FDA Approves Second Biosimilar of Actemra

The FDA has approved Fresenius Kabi’s Tyenne (tocilizumab-aazg), its tocilizumab biosimilar referencing Genentech’s Actemra. It was approved to treat patients with several inflammatory and immune diseases, including rheumatoid arthritis, giant cell arteritis, polyarticular juvenile idiopathic arthritis, and systemic juvenile idiopathic arthritis.

The approval is based on analytical similarity and clinical data used to demonstrate similar pharmacokinetic, efficacy, safety, tolerability, and immunogenicity to the reference product, with and without switch from Actema to Tyenne.

Tyenne has launched globally in more than 10 countries. But Fresenius Kabi officials indicated in a press release that the launch date in the United States depends on a patent settlement agreement with Genentech, which is confidential.

It could be a crowded market when Tyenne launches.
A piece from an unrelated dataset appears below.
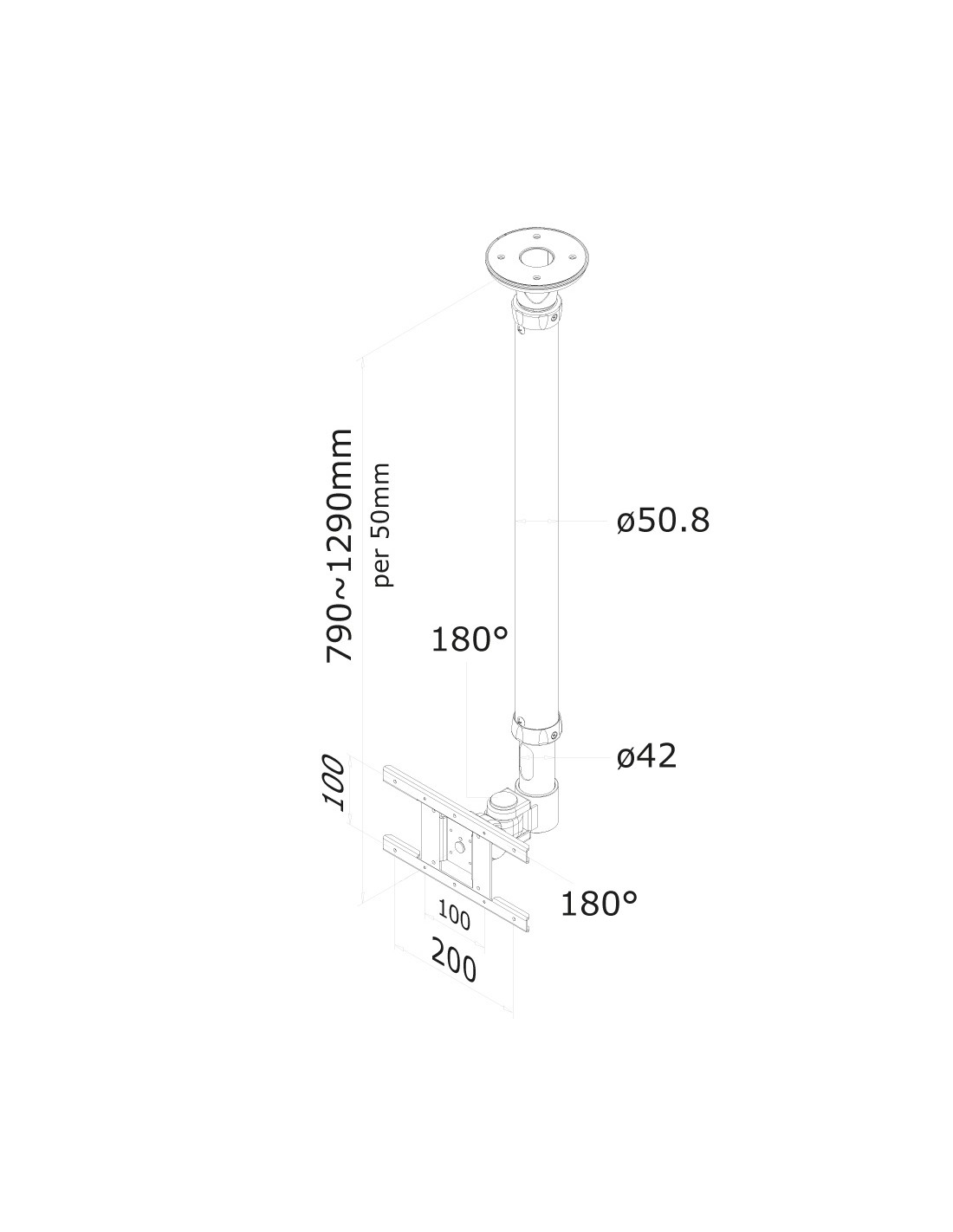Utilizzate un montaggio a soffitto per sfruttare pienamente le capacità del vostro schermo. Il montaggio è facile da regolare in altezza. È inoltre possibile inclinare lo schermo in senso verticale, orizzontale e farlo ruotare, questo crea l'angolo di visione ideale. I cavi sono tenuti fuori dalla vista attraverso la predisposizione di passaggio all’interno della colonna..

Although not the first biosimilar approved to reference Actemra, Tyenne is the first to have both IV and subcutaneous options approved by the FDA. In September 2023, the FDA approved Biogen’s IV formulation biosimilar, Tofidence. Tofidence is not yet available on the U.S. market.

Tyenne, Tofidence and Actemra are interleukin-6 (IL-6) receptor antagonists that target specific inflammatory proteins to suppress the immune system.
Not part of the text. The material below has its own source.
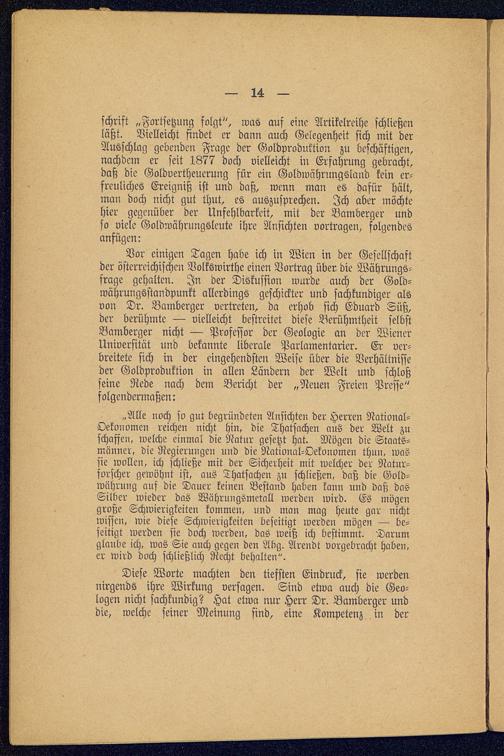 Vor einigen Tagen habe ich in Wien in der Gesellschaftder österreichischen Volkswirthe einen Vortrag über die Währungs-frage gehalten. In der Diskussion wurde auch der Gold-währungsstandpunkt allerdings geschickter und sachkundiger alsvon Dr. Bamberger vertreten, da erhob sich Eduard Süß ,der berühmte — vielleicht bestreitet diese Berühmtheit selbstBamberger nicht — Professor der Geologie an der WienerUniversität und bekannte liberale Parlamentarier. Er ver-breitete sich in der eingehendsten Weise über die Verhältnisseder Goldproduktion in allen Ländern der Welt und schloßseine Rede nach dem Bericht der „Neuen Freien Presse "folgendermaßen:

Related: Celltrion USA Seeks Approval for Actemra Biosimilar

Additionally, in January 2024, Celltrion USA completed its biologic license application to the FDA for CT-P47, its Actemra biosimilar. Celltrion is seeking approval for CT-P47 in both intravenous and subcutaneous formulations.
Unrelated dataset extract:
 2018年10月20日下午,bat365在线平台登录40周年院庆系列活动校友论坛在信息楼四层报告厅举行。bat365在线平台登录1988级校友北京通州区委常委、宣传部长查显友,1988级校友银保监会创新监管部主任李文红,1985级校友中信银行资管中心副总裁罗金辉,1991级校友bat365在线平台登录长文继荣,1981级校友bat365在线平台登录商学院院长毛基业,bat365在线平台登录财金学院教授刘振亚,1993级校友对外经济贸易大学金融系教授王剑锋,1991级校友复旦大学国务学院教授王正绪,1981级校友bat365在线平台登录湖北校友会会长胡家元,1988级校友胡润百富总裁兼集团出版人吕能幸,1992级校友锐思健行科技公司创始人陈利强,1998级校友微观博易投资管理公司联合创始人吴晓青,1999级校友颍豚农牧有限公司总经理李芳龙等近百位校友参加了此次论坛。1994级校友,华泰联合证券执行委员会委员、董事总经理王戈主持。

The average monthly cost of Actemra administered via IV ranges from about $2,308 to $4,616, depending on which dose a person receives, according to a Genentech spokesperson. The average monthly cost of Actemra administered subcutaneously ranges from about $2,478 to $4,956 depending on how frequently a person takes it, the dose varies depending on the person’s weight.